Castiglione grew up playing with GI Joe action figures and fishing from oceanfront jetties with his best friend, his grandfather. They influenced his naval aspirations.

But his real inspiration came from a 1986 Naval Academy catalog a recruiter left after visiting his older sister, who briefly considered the academy. She chose a far different path -- Yale -- but Andy, age 8, held tight to the catalog, poring over pictures of pilots, scuba divers and men crawling through mud. He still has the dogeared booklet.

Castiglione's parents said they never imagined that a son of theirs would catch what they call "the bug." Yet, while they've supported him and are proud of him, they realize "there's a whole piece of his world that we don't belong in," Rosalind Castiglione said.

Andy said that was the point: to distinguish himself from his family, and "carve my own little existence."

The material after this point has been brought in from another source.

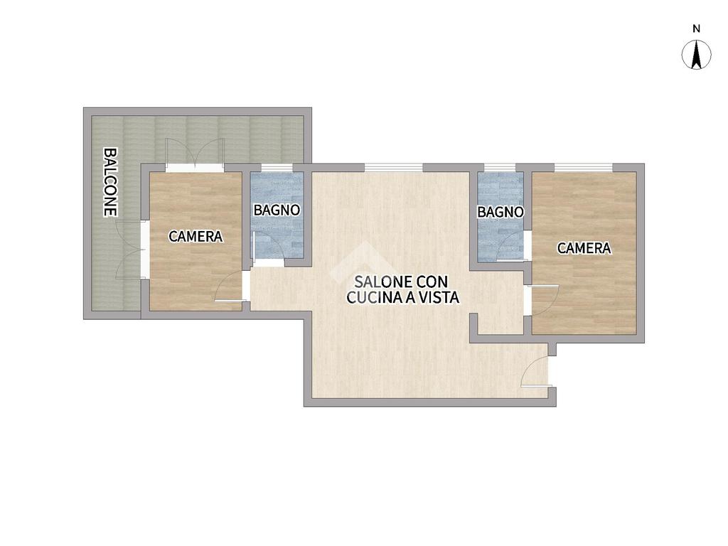 La distribuzione degli spazi è funzionale e ben organizzata, composta da: ingresso, luminoso soggiorno con cucina a vista, due camere da letto e due bagni

"This is my world," he said. "This just seemed like a place that was for me."

Just right for the time

According to his superiors, he was right. His attributes as a philosopher-soldier are precisely what the academy -- and the military services -- want these days.

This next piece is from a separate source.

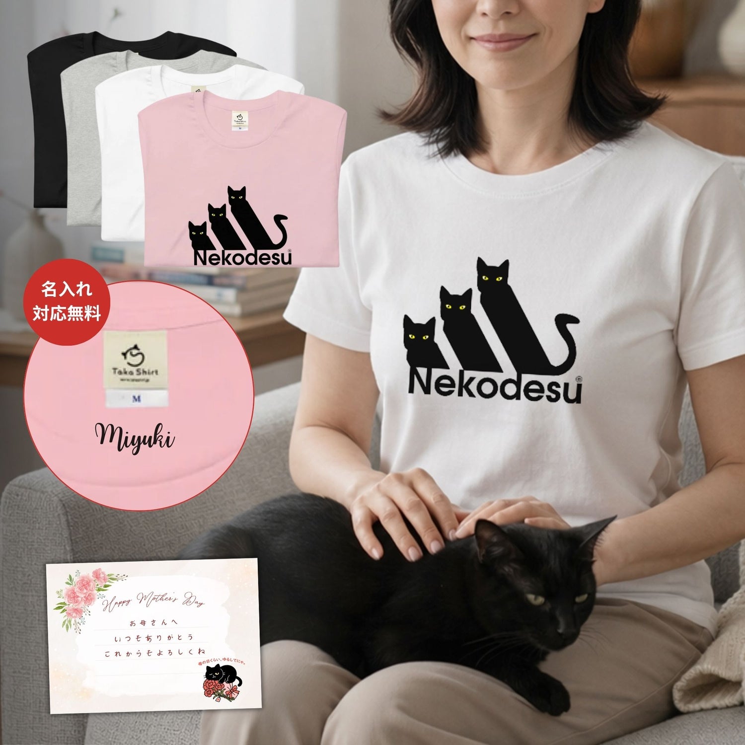 母の日のTシャツを買いましたが母はもういないので自分用に買いました。とっても可愛いです。生地がしっかりしていて肌触りも良いので着やすいです。ありがとうございました。

"I find Andy to be a very thoughtful person, very contemplative," said Adm. Charles R. Larson, the academy superintendent, who was the top midshipman of his class 40 years ago. "He's not a cheerleader type. He's the leadership-by-example type of guy."

Each fall and spring, a panel of school officials taps the person it considers the elite of the elite to serve as the semester's brigade leader (the student body is called the brigade).

In years past, said current and former midshipmen, many brigade commanders were "peacocks," drunk on the power of their rank. Surveys found a low regard among midshipmen for such leaders, prompting academy officials to seek a new standard of leadership.

"Our goal is to develop more enlightened leaders," said Rear Adm. Gary Roughead, the academy commandant (similar to a dean of students), who was brigade commander in 1973.

But when Castiglione landed in Annapolis in 1994, some observers felt the academy was adrift. Midshipmen were getting arrested and caught cheating on exams. Larson arrived for a second term as superintendent, bent on erasing the scandal-battered image and raising morale.

He did it partly by taking away some student liberties, but at the same time by giving students more responsibilities -- more opportunities to lead.